On the other side of the coin is the bizarre demand for white blonde babies. Since I happen to have blonde hair and blue eyes, to think of this actually gives me the creeps. To think that I was shopped for creates a sickening feeling in my stomach. Not only does the sense of commodification feel eerie, but the racial nature of the demand has racial implications that are disturbing.

I had originally thought my mother was irresponsible, and maybe she was, but this doesn’t equate an automatic desire to give me up for adoption. Whether or not she would have aborted me is a question for another life, but legislation was eventually passed that allowed single women to raise their children without having to succumb to the pressures of religious dogma. The government finally realized the amount of adoptions that were occurring and put measures in place so these women could stay with their children, explaining why the Baby Scoop Era comes to an end around the beginning of the 1980s.

At any rate, the adoptions laws in Arkansas protect mothers with excruciating diligence, which translates into me still not knowing who my mother was. I can sign a mutual consent registry, but if she never signed it, then by the means of her absence of signature, I will know she didn’t sign it; that will mean she was and still is uninterested in knowing who her child is.

Until I sign it, I guess I’ll never know.

It’s a big decision.


This entry was posted in adoption, history, life, personal, Psychology, religion and tagged . Bookmark the permalink.

9 Responses to The Baby Scoop Era

  1. TAO says:

    Order a copy of “The Girls Who Went Away” by Ann Fessler – through your library or bookstore. Hard read but necessary read about the mothers from that era.

    • LK says:

      I read the reviews at Amazon, this might turn out to be a book for my personal library.

      Thank you for bringing it to my attention.

  2. Victor says:

    Sign it. Get this overwith. Lean who you really are.
    And you have to assume, the powers between you and your mother, may still attempt to keep you apart. You might want to consider contacting an attorney.

    • LK says:

      I hear you and I agree. Soon as I finish term, I will meditate on that registry page until my hand moves and the deal is done.

      Thank you for the support.

      • Victor says:

        Look at the adoption laws in your state. Know what the laws say you can and cannot do. Each state is different. Do what you can in relation to your state laws, and then submit to every service available to you. And remember, white baby’s have always been a commondity, a business in which family’s that cannot reproduce, can buy a kid. Sadly, this is a form of slavery. So during the Baby Scoop Era, most mothers were conned out of their kid by being told they were sinful for having sex outside of marriage. Interestingly, the guys were never blamed. Also, the bio moms were never informed of there legal rights such as the 13th Amendment to the Constitution, that says “property cannot be taken away from a citizen without due process of law.” These women were never given legal advice, in fact, legal advice was kept from them. There are millions of adoptees looking for their bio parents.

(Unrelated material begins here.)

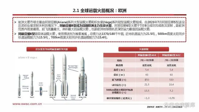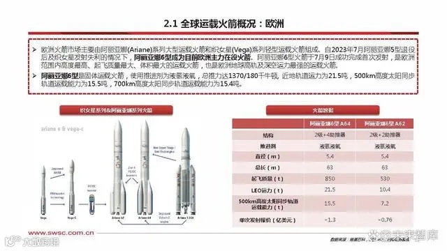 欧洲火箭市场主要由阿丽亚娜(Ariane)系列大型运载火箭和织女星(Vega)系列轻型运载火箭组成。自2023年7月阿丽亚娜5型退役 后及织女星发射失利的情况下,阿丽亚娜6型成为目前欧洲主力在役火箭。阿丽亚娜6型火箭于7月9日成功完成首次发射,是欧洲 范围内高度最高、起飞质量最大、体积最大的运载火箭,也是欧洲地球高轨及深空运力最强的运载火箭。

  3. Vicci Una Johnson says:

    Regarding the Baby Scoop Era: From our family research going through the process of finding the bio family of an adult cousin, we find the business of adoption in the US corrupt. First of all, infant-stranger-adoption, also sometimes called “non-kinship adoption” DOES NOT WORK. We live in a capitalistic society, with many childless citizens lobbying to keep adoption unregulated. A single pregnant women is marketed to by the a-agency’s to give up her kid. No one tells her she can receive free legal advice from the public defenders office through her state department. ironically, according to the 13th amendment to the US constitution, a citizen cannot be separated from their belongings without due process of law. So how did the adoption agency’s get the kid if the bio Mom never had legal advice?

    • LK says:

      “‘non-kinship adoption’ DOES NOT WORK”

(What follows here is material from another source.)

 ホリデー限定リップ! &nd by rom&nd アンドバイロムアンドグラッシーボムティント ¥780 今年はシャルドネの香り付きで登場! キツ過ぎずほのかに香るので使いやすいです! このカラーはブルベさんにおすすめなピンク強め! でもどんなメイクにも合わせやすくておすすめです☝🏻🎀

      So bitterly, gruesomely true, I should know.

      The notion of legal advice is interesting. The report is that my mother was sixteen when I was born, so I’m starting to feel she was, indeed, manipulated.

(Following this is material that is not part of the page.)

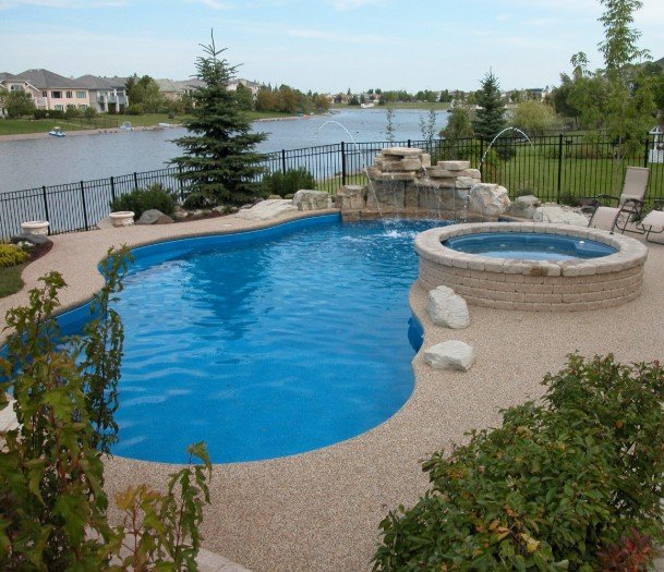 The feature does not have to be large even a small waterfall can make a big impact. It gives the pool area character and helps it stand out.

      • Vicci Una Johnson says:

        Someone mentioned to me a possible class action law suit, but it would take lots of bio Mom’s in one state to initiate this. There is a Federal law titled Civil Action for Depravation of Rights. Google: 42 U. S. C. Statute 1983, 1988. This Federal Law applies to the 4th, 5th and 14th amendments to the US Constitution. As a US citizens bio Moms can ask for and receive legal advice or representation before their property can be taken away from them. I prefer calling it “conned out of their kid” All adoption agency’s pay lawyers to work for their interests, not the bio Moms. So if a single Mom received any legal advice, it was from the agency’s attorney, not one working for her interests. How many of them had the money to hire a private attorney? In reality, the public defenders office is the place where all citizens who do not have an attorney, can ask for help. But again, how many single Mom’s know this, and for certain, this information is going to be withheld from them so the agency has a kid to sell. Adoption is really a form of is the buying and selling of a kid. The kids have no voice, and the bio Mom doesn’t know she has legal support in the law because that information is kept from her on purpose. _People that want to adopt, lobby state legislatures to keep the adoption laws supportive to their side, by keeping the records closed so the bio parent doesn’t interrupt their life. Adoptive parents want the adopted kid to be theirs, they are not interested in sharing what they paid for… Google and read the Federal law… 42 U.S. C. Statute 1983, 1988. Then read the 4th, 5th and especially the 14th amendment to the US Constitution. Someday, infant-stranger-adoption in the US will be illegal. Hopefully, the laws will be changed by the end of this century or sooner. Too many people have been hurt for too many years.

  4. zygotepariah says:

    My a-mother told me that when they adopted my brother two years previously to me, they put in an “order” for a blue-eyed, blonde female. I don’t know if she told me that to try to make me feel “chosen”, but I find it extremely odd considering that everyone else in my a-family is tan with dark hair and brown eyes. Why would you want a blue-eyed blonde who obviously wouldn’t “fit”?

    I’ve met my first mother. We look identical . . . except her eyes are brown. Her mother’s eyes are brown. I’m the first female in at least three generations to have blue eyes. Bizarre to think that had I followed the “tradition” of having brown eyes, I might have ended up in a completely different family.